Searching for Gold
I was born an April baby, but something must have happened when I hit the six-month mark. On a crisp, October day, someone popped me into a pile of fallen leaves. Or, I rode in my older brother’s arms in the backseat of our blue Buick, through the hills of Appalachia, mesmerized by yellows, oranges, and reds. Now that I’m all grown up, I’m not a fan of pumpkin spice lattes, but apple cider is my beverage of choice. I’m a fall girl and always have been. Goldenrod, rust, taupe, and smoky green heathers that reflect the landscape in autumn are the colors that comfort me. Reds that veer toward the deep pinks of spawning salmon and red-twig dogwood are the whiskey glaze on the apple cake.

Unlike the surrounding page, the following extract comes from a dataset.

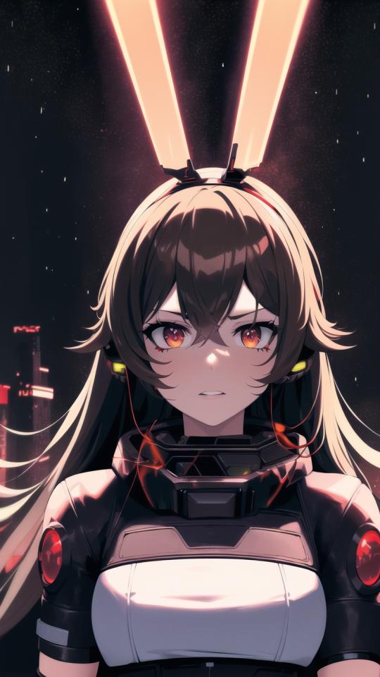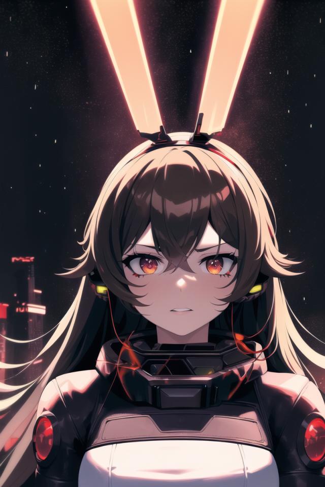 | Prompt | (detailed:1.5), (apocalyptic art,cyberpunk, dark fantasy art:1.4), (perfect artwork), best quality,,(8k), (4k),(Masterpiece), (Best Quality), extremely detailed, intricate, hyper detailed, illustration,soft lighting,learly worked out detail, intricate, cinematic,(depth of field),( dramatic lighting:1.2), <lora:amber1:1>,amberrnd,1girl, (red hairband, bunny ears), (long brown hair), (solo), (cybernetic earpiece,black leather cape,black cybernetic leather armor:1.4), cyberpunk futuristic town, black sky, dark clouds, rain,wind, futuristic cyperpunk spaceship in the sky, (galaxy background, aurora borealis:1.4), baron bunny (genshin impact), angry, serious, ((sexy)), ((dramatic angle, dynamic pose)), face focus, (holding laser weapon:1.2), |

The scents of autumn are the ones I prefer: dried sweetgrass, the sharp prick of sage, fermenting blackberries on the vine, apples. Hiking through the larch forests blanketing the canyons surrounding Missoula, Montana, my home for five years, mesmerized me. And it’s my pup’s favorite place in the world.
In search of the elusive pockets of gold, I made the drive to the former mining town of Garnet, Montana, now billed as a “ghost town.” I spent the long, lonely day of Halloween there, completely alone. I made no acquaintances, ghostly or corporeal, but I found my gold.
During the brief summer of 2017 — brief because I spent most of it lying on my couch healing from a hip injury — I thirsted for color, adventure, peace, and good health. But nature has always been my go-to for grounding, for returning to my essential self. So, on a Friday I’ll never forget, I took off for parts unknown, exploring a network of gravel roads leading west along Gold Creek. I whiled away the day, creekside, watching the dog wander and sniff, chase chipmunks, and laze in the mid-September sun. And from that day arose, in my mind, a fully formed short story and a play, both featuring a gruff, nature-attuned, middle-aged woman who found solace in the wilds of Montana. That’s not so far off the mark. As the sun began its slow descent over the mountains, I found everything I was looking for.
In 2019, I made migrated south like the Sandhill Cranes, from the lush forests and prairies of northwest Montana to New Mexico’s Rio Grande Valley. I wanted warmer winters, with an extended hiking season, and I found what I was looking for. My area of northern New Mexico gets a full month or more of each swing season, the best time for long hikes in mild weather. In March and April, you’ll find me hiking the foothills. May and June, I’ll move a thousand feet up, following the line of melting snow. But in autumn, the vistas are endless and varied, keeping me on the go until the first snowfall, and miles of gold light the path, wherever I choose to go.
Last year, the first flakes fell on Thanksgiving. This year, they’re predicted to fall a month earlier, on a random Tuesday in late October — a boon for the firefighters battling catastrophic blazes throughout the Rocky Mountains.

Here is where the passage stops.